Archive for the 'Architecture and standards' Category

More From the “Murky Bucket”

Thursday, March 3rd, 2011 by Roy

The inspiration for my title comes from Lorcan Dempsey, who some years ago, before I joined him at OCLC, put a name to the unease I had been feeling about the state of library metadata. In a Library Journal column I had bemoaned the fact that not only was it impossible for library users to limit a search to online items available online in full, it was impossible for us to even implement such a feature.

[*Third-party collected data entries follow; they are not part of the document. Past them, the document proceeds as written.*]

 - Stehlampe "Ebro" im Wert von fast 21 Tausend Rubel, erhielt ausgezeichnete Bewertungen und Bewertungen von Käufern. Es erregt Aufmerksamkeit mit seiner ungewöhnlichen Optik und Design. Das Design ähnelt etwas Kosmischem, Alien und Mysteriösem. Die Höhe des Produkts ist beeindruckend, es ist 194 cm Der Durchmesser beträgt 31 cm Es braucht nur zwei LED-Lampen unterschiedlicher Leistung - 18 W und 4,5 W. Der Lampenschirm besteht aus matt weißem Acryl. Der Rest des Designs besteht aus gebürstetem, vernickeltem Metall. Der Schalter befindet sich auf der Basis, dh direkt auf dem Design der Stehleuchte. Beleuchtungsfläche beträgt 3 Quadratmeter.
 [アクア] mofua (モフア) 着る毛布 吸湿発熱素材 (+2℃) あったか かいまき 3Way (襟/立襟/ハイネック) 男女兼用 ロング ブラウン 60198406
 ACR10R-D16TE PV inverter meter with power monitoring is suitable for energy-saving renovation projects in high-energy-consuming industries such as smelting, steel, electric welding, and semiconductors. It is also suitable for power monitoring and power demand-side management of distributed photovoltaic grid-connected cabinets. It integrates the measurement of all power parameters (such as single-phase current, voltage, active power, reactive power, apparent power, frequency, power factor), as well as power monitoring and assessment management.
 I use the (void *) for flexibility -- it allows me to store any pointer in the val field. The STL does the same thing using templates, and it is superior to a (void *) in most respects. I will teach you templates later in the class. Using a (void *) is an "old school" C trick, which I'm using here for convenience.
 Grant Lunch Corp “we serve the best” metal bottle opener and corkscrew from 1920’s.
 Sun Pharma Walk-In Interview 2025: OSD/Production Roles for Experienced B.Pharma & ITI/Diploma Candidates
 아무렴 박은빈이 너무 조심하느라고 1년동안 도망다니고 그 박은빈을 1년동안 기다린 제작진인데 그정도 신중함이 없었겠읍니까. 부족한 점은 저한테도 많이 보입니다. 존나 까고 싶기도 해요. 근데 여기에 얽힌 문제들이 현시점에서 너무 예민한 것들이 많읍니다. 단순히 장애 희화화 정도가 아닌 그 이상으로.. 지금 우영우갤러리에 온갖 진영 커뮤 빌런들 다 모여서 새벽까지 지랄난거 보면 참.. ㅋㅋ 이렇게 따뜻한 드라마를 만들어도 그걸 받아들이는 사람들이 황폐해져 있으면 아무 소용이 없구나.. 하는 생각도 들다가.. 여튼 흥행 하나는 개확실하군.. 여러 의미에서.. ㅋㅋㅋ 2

Lorcan responded to that column, citing the ” ‘murky bucket syndrome’ that affects any large bibliographic database—we cannot entirely, unambiguously slice and dice the database because of historic data entry and cataloging practices that…were not oriented toward our new needs.” I’ll say. Also, around that time my soon-to-be colleagues at OCLC Research wrote a paper about some related work they had done: “Mining for Digital Resources: Identifying and Characterizing Digital Materials in WorldCat”.

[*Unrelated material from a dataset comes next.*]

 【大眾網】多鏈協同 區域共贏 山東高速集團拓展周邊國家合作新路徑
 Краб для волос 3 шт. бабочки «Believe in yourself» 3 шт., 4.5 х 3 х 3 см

Later I did a deeper investigation into this while still at the California Digital Library, from which came an informal report called “Trouble in Online Paradise: An Analysis of MARC 856 Usage at One Institution”. Basically, I took 1,000,000 MARC records from UC Berkeley, pulled out all of the 856 fields (about 20,000 at the time), and analyzed them. Since I have that work on my prototype server, you can still play around with it if you want.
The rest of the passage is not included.